■ EXERCISE GOAL ■
From the entries below, retype only the lines from the one with "giám khảo đã" through the one with "Karachi, Board of", exactly as written.

__________

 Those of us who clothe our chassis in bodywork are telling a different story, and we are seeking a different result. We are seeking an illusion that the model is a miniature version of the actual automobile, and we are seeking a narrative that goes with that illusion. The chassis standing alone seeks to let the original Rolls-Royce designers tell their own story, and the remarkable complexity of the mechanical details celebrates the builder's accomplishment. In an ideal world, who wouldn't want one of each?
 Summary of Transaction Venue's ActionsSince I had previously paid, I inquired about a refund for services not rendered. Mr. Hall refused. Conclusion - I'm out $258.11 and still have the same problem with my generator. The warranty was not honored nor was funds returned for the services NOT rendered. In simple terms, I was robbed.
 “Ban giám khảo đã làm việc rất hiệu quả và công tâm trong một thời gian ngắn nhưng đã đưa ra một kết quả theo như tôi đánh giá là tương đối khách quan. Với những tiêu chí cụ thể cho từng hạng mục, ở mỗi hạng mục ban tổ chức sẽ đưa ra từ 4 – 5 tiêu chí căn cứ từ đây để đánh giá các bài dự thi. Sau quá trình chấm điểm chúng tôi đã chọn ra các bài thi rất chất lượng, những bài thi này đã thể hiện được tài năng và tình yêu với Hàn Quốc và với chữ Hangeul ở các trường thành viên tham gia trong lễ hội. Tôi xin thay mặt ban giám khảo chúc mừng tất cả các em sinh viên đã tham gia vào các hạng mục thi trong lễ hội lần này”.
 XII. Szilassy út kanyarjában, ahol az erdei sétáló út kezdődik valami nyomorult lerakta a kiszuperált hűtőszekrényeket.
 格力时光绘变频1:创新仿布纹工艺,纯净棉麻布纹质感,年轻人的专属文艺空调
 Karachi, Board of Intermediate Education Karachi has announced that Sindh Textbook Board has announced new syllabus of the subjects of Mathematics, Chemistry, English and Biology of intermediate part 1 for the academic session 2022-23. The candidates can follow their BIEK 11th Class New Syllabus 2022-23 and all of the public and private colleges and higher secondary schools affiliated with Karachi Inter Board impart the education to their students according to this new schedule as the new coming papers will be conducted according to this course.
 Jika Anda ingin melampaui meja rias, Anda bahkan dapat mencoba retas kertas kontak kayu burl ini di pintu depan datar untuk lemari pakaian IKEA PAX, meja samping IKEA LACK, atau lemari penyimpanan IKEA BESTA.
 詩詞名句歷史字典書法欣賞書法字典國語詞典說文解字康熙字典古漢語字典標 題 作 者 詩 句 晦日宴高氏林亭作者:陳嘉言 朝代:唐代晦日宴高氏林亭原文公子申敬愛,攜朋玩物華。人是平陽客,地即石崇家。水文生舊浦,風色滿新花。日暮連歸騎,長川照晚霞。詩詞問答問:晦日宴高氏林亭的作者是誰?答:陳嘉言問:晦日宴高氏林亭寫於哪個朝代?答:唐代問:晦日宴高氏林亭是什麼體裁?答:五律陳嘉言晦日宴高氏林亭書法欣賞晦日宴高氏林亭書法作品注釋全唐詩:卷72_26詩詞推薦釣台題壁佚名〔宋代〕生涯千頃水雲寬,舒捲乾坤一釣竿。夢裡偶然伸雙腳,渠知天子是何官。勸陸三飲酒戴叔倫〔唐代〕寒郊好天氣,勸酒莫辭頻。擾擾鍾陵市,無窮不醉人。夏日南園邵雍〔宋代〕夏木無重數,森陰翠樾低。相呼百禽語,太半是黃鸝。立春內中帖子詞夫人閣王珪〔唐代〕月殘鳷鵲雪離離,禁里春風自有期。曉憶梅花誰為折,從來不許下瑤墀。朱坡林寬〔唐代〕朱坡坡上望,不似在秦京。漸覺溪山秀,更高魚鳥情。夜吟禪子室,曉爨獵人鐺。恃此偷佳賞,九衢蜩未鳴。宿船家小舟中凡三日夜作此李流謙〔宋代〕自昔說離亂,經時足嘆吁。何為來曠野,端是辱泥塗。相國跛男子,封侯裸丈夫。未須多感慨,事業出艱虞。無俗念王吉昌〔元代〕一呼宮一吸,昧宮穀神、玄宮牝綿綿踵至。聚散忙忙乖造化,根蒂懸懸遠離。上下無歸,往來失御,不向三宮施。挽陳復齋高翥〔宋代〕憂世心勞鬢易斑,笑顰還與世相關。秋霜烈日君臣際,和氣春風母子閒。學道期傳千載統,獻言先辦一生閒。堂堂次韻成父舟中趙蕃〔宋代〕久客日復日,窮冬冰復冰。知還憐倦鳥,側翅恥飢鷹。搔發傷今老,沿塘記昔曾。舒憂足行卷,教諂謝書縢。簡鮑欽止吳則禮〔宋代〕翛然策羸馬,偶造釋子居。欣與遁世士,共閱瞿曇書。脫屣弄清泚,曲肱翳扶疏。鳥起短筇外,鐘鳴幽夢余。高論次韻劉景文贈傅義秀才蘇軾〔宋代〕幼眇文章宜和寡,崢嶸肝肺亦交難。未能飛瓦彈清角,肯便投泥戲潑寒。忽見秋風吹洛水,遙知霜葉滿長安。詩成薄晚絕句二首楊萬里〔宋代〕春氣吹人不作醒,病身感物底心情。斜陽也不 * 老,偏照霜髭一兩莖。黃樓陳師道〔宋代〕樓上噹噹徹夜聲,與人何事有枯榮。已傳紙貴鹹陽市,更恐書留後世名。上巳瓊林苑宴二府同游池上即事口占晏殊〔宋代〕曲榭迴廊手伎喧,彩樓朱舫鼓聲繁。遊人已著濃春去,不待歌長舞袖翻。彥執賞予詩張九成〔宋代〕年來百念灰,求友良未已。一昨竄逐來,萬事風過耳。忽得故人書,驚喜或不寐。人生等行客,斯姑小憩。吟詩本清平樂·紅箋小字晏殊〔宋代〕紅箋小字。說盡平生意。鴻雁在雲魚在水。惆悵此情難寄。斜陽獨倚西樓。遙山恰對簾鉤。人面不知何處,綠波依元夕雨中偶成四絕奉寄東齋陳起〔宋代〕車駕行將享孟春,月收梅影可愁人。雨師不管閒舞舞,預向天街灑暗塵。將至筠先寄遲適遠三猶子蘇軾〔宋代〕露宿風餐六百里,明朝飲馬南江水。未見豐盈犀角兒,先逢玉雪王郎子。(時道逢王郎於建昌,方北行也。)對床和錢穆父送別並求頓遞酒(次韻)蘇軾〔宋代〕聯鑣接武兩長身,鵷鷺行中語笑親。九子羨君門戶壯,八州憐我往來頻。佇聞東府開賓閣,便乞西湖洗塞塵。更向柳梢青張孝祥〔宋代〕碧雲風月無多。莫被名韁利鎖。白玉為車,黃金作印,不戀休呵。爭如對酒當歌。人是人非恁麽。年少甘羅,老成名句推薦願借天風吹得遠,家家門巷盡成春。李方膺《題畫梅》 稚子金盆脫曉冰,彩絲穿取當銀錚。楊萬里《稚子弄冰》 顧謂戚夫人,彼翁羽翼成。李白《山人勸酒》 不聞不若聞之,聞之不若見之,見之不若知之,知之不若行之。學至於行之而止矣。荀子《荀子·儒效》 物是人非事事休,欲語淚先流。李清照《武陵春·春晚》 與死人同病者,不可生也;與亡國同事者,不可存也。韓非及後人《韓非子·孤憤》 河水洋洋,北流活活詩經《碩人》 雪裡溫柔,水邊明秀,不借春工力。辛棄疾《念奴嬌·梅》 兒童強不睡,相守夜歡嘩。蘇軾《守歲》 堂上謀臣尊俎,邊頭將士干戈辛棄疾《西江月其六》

__________

■ RESPONSE TO THE EXERCISE ■
 “Ban giám khảo đã làm việc rất hiệu quả và công tâm trong một thời gian ngắn nhưng đã đưa ra một kết quả theo như tôi đánh giá là tương đối khách quan. Với những tiêu chí cụ thể cho từng hạng mục, ở mỗi hạng mục ban tổ chức sẽ đưa ra từ 4 – 5 tiêu chí căn cứ từ đây để đánh giá các bài dự thi. Sau quá trình chấm điểm chúng tôi đã chọn ra các bài thi rất chất lượng, những bài thi này đã thể hiện được tài năng và tình yêu với Hàn Quốc và với chữ Hangeul ở các trường thành viên tham gia trong lễ hội. Tôi xin thay mặt ban giám khảo chúc mừng tất cả các em sinh viên đã tham gia vào các hạng mục thi trong lễ hội lần này”.
 XII. Szilassy út kanyarjában, ahol az erdei sétáló út kezdődik valami nyomorult lerakta a kiszuperált hűtőszekrényeket.
 格力时光绘变频1:创新仿布纹工艺,纯净棉麻布纹质感,年轻人的专属文艺空调
 Karachi, Board of Intermediate Education Karachi has announced that Sindh Textbook Board has announced new syllabus of the subjects of Mathematics, Chemistry, English and Biology of intermediate part 1 for the academic session 2022-23. The candidates can follow their BIEK 11th Class New Syllabus 2022-23 and all of the public and private colleges and higher secondary schools affiliated with Karachi Inter Board impart the education to their students according to this new schedule as the new coming papers will be conducted according to this course.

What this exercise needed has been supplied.